Top of INFORMATION SUPPLIED

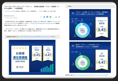 「リサピー®︎ forCS」は、これまで内部改善施策のみとして実施されてきたこの「顧客満足度調査」を、「マーケティングコンテンツ化」し、プロモーションや購買促進など外部に訴求可能な形にして納品することで、調査結果を最大限にご活用いただくソリューションをご提供いたします。
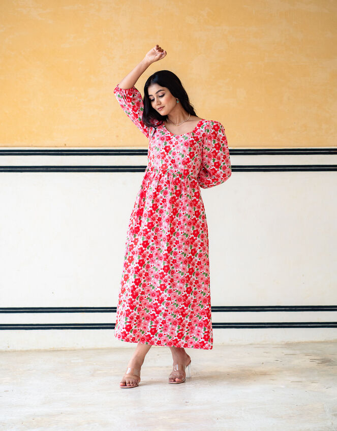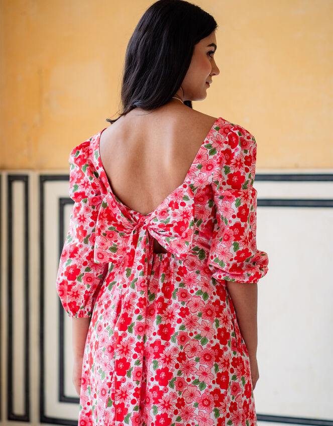 India & Mills Lottie Poppy Print Midi Dress Pink
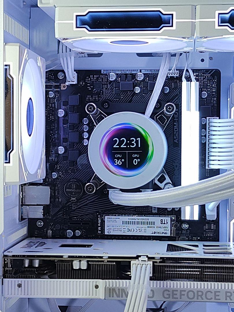 【CPUクーラー】LED簡易水冷240mm白(画像設定可能液晶付き)
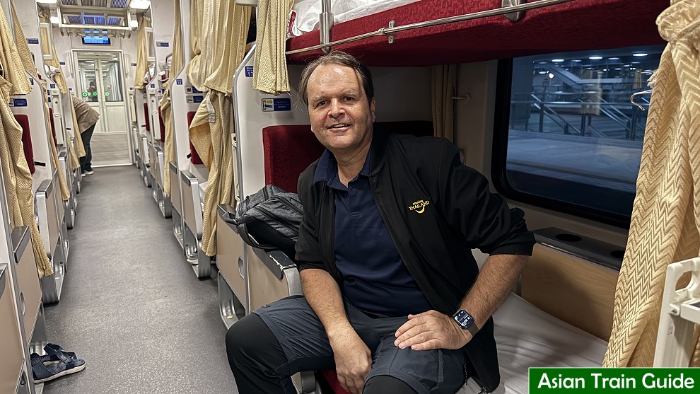 Thailand’s flagship sleeper trains are the Chinese-built CNR models, which were introduced on four routes in 2016. Even though they’re now eight years old, they’re still in excellent condition. You don’t have to choose 1st Class cabins for comfort and cleanliness—the 2nd Class carriages are just as good and even better in some ways. Since it was already late, the carriage attendants had prepared our beds with clean sheets. I booked a lower berth as usual, since it’s slightly wider and further away from the bright lights and cold air-conditioning. The air-conditioning is often set to freezing, so I always bring a jacket. It’s also wise to have an eye mask and earplugs, especially on the CNR trains where the curtains are quite thin and let in a lot of light.
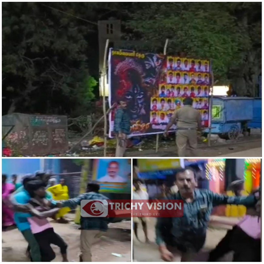 திருச்சி மாவட்டம் லால்குடி அருகே நாகம்மையார் தெரு உள்ளது. அங்கு உள்ள கோவிலில் திருவிழா நடைபெற்று வருகிறது. அந்த திருவிழாவை முன்னிட்டு சாலையில் உரிய அனுமதி இன்றி அப்பகுதி இளைஞர்கள் பேனர் வைத்துள்ளனர். உரிய அனுமதியின்றி வைக்கப்பட்ட பேனரை லால்குடி காவல் நிலைய காவல் ஆய்வாளர் மற்றும் போலீசார் இருவர் அப்புறப்படுத்த முயன்றனர்.

Bottom of INFORMATION SUPPLIED

* [EXERCISE DETAILS] Repeat the material exactly as it reads, without any of its pictures.

* [EXERCISE OUTPUT]
 「リサピー®︎ forCS」は、これまで内部改善施策のみとして実施されてきたこの「顧客満足度調査」を、「マーケティングコンテンツ化」し、プロモーションや購買促進など外部に訴求可能な形にして納品することで、調査結果を最大限にご活用いただくソリューションをご提供いたします。
 India & Mills Lottie Poppy Print Midi Dress Pink
 【CPUクーラー】LED簡易水冷240mm白(画像設定可能液晶付き)
 Thailand’s flagship sleeper trains are the Chinese-built CNR models, which were introduced on four routes in 2016. Even though they’re now eight years old, they’re still in excellent condition. You don’t have to choose 1st Class cabins for comfort and cleanliness—the 2nd Class carriages are just as good and even better in some ways. Since it was already late, the carriage attendants had prepared our beds with clean sheets. I booked a lower berth as usual, since it’s slightly wider and further away from the bright lights and cold air-conditioning. The air-conditioning is often set to freezing, so I always bring a jacket. It’s also wise to have an eye mask and earplugs, especially on the CNR trains where the curtains are quite thin and let in a lot of light.
 திருச்சி மாவட்டம் லால்குடி அருகே நாகம்மையார் தெரு உள்ளது. அங்கு உள்ள கோவிலில் திருவிழா நடைபெற்று வருகிறது. அந்த திருவிழாவை முன்னிட்டு சாலையில் உரிய அனுமதி இன்றி அப்பகுதி இளைஞர்கள் பேனர் வைத்துள்ளனர். உரிய அனுமதியின்றி வைக்கப்பட்ட பேனரை லால்குடி காவல் நிலைய காவல் ஆய்வாளர் மற்றும் போலீசார் இருவர் அப்புறப்படுத்த முயன்றனர்.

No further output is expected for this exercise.